4. Experiment and evaluation
(1) The invention carries out simulation experiment tests in 4 general data sets, namely MSRA, CSSD, SOD and PASCAL-S data sets.
The MSRA data set, published by microsoft asian institute, contains a large number of different categories of objects but most images contain only one salient object, 5000 images;
the CSSD data set comprises 1000 images derived from the network, which are closer to the images in a real scene;
the SOD data set is derived from a target segmentation database of the university of Berkeley, and comprises 300 images in total, wherein each image comprises a plurality of targets with different sizes and positions;
the PASCAL-S is a selected partial image from the PASCAL VOC 2012 data set, a saliency detection data set of 850 pieces, the image containing multiple objects and a complex background.

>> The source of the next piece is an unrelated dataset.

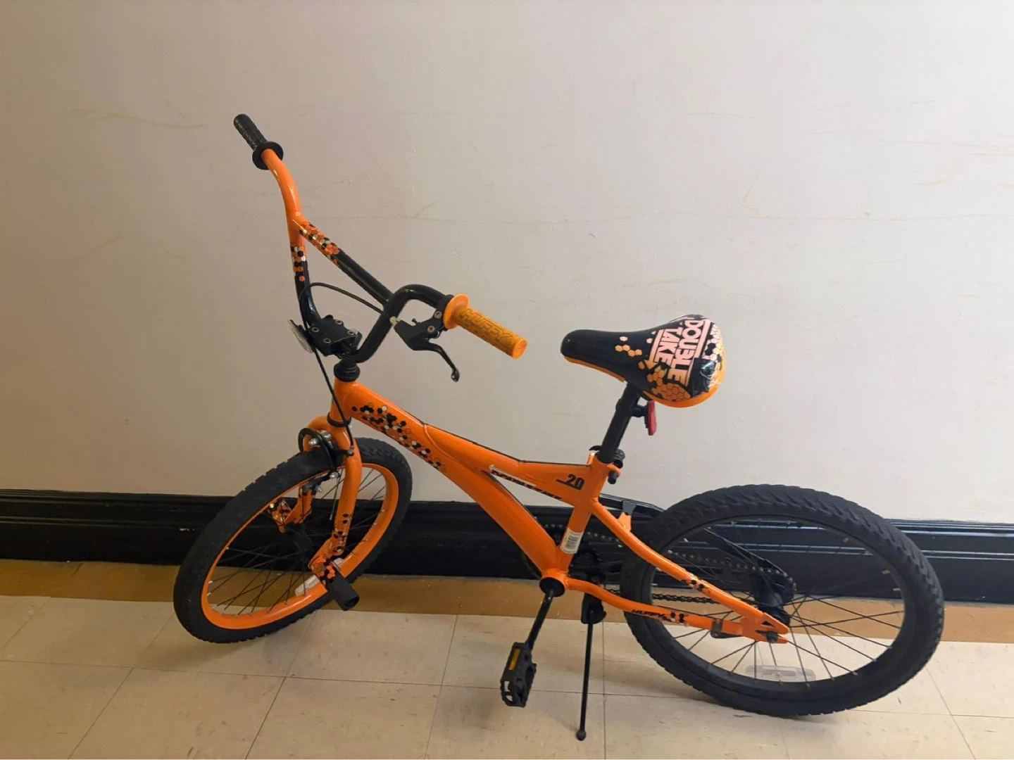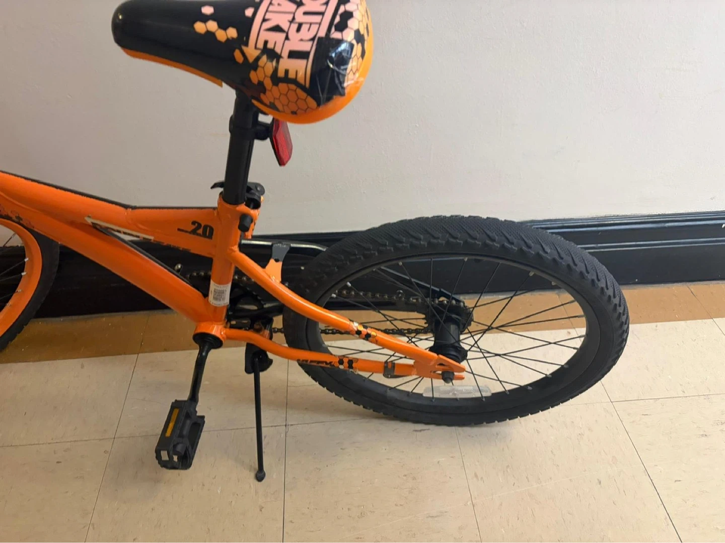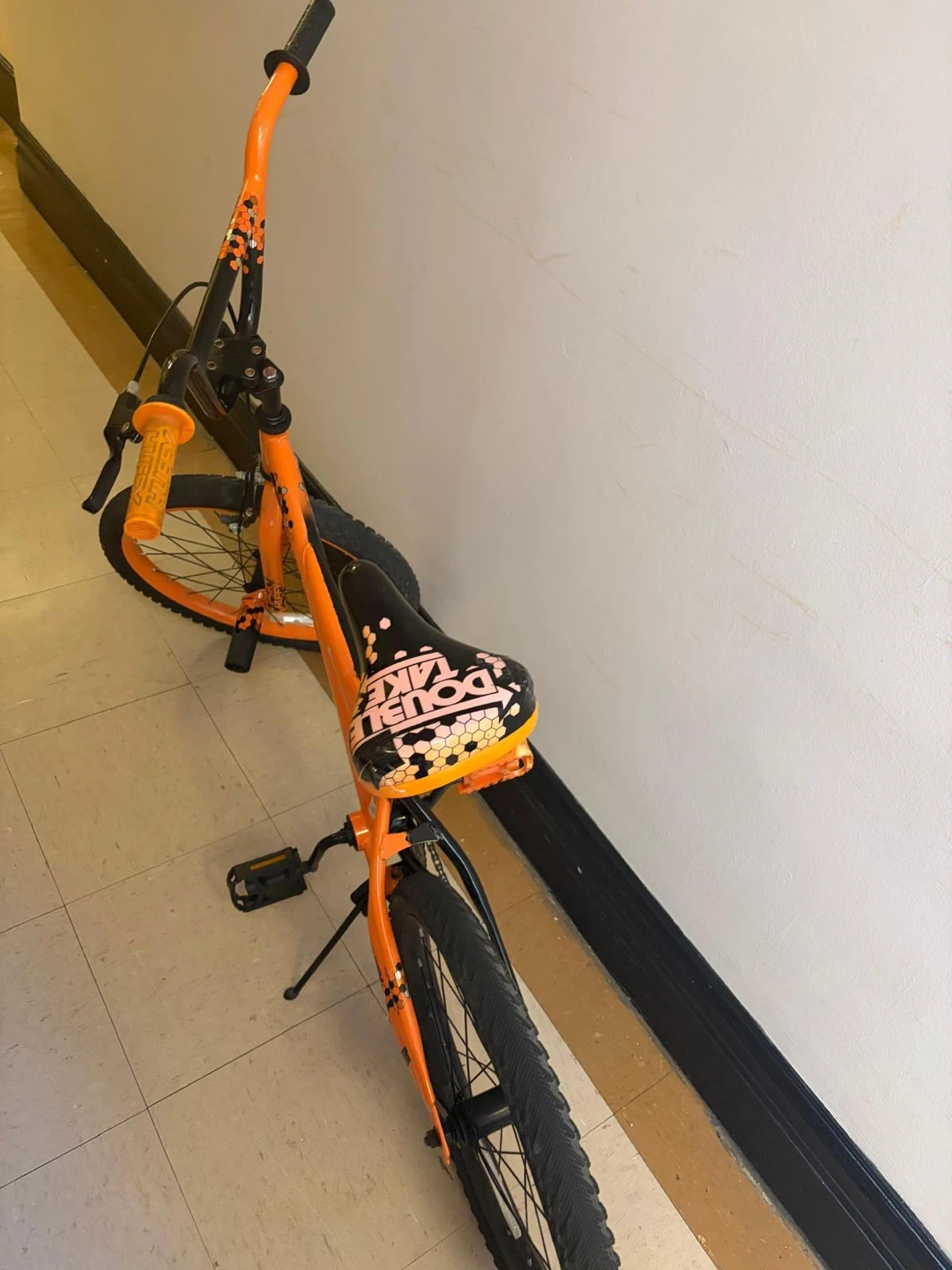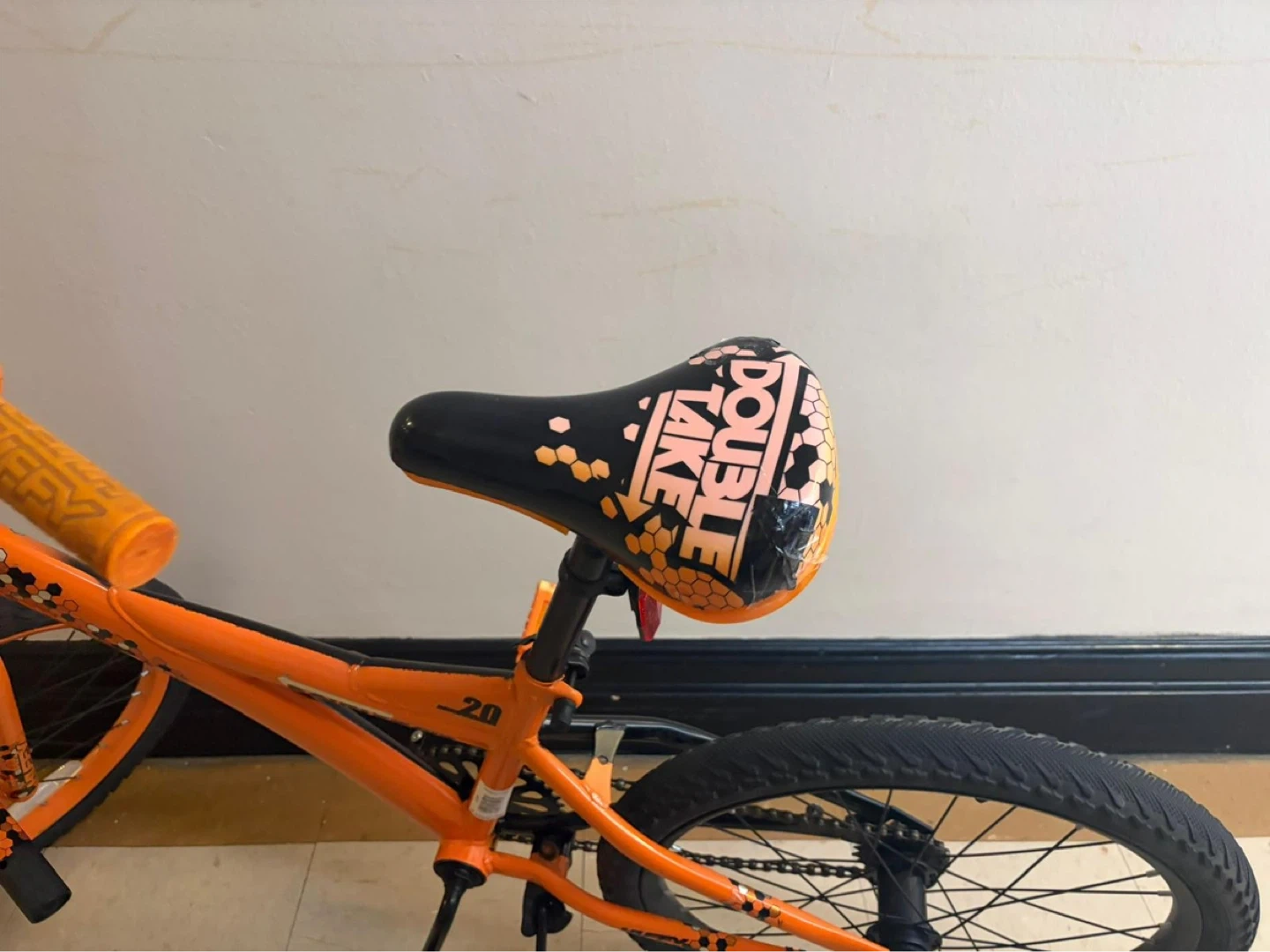 Design: A BMX-style frame with a distinctive orange and black color scheme and patterned seat.

(2) The method uses Precision (Precision), Recall (Recall), F-measure parameters and Absolute average Error (MAE) as quantitative evaluation indexes of a significance detection algorithm;
the accuracy rate refers to the percentage of the detected significant pixels to the detected total pixels, and the formula is as follows:
recall is defined as the percentage of significant pixels detected to marked, and is expressed as:
b is a thresholded binary saliency map, and G is a manually labeled standard template;
the F-measure parameter comprehensively considers the accuracy and the recall rate, and the calculation formula is as follows:
wherein, usually, β is taken2=0.3
The MAE is obtained by calculating the average absolute difference between the saliency map and the corresponding artificial labeling template, and the calculation formula is as follows:
in summary, in the embodiment of the present invention, throughsteps 1 to 4, the global model and the local optimization model of the image saliency are constructed by fully utilizing the deep convolutional neural network, the relationship between the structures inside the image is deeply mined, the saliency map is generated, and the obtained result is complete and clear.
The method has the success that the model comprises two different attention mechanisms, and the global model trains the whole attention image so that the global model can detect a plurality of target areas in the image and is not influenced by isolated noise; the local model plays an optimization role, so that the detected result is more accurate and finer.
The above description is only a preferred embodiment of the present invention, and is not intended to limit the present invention, and any modifications made on the basis of the technical solutions according to the technical ideas presented in the present invention are within the scope of the present invention.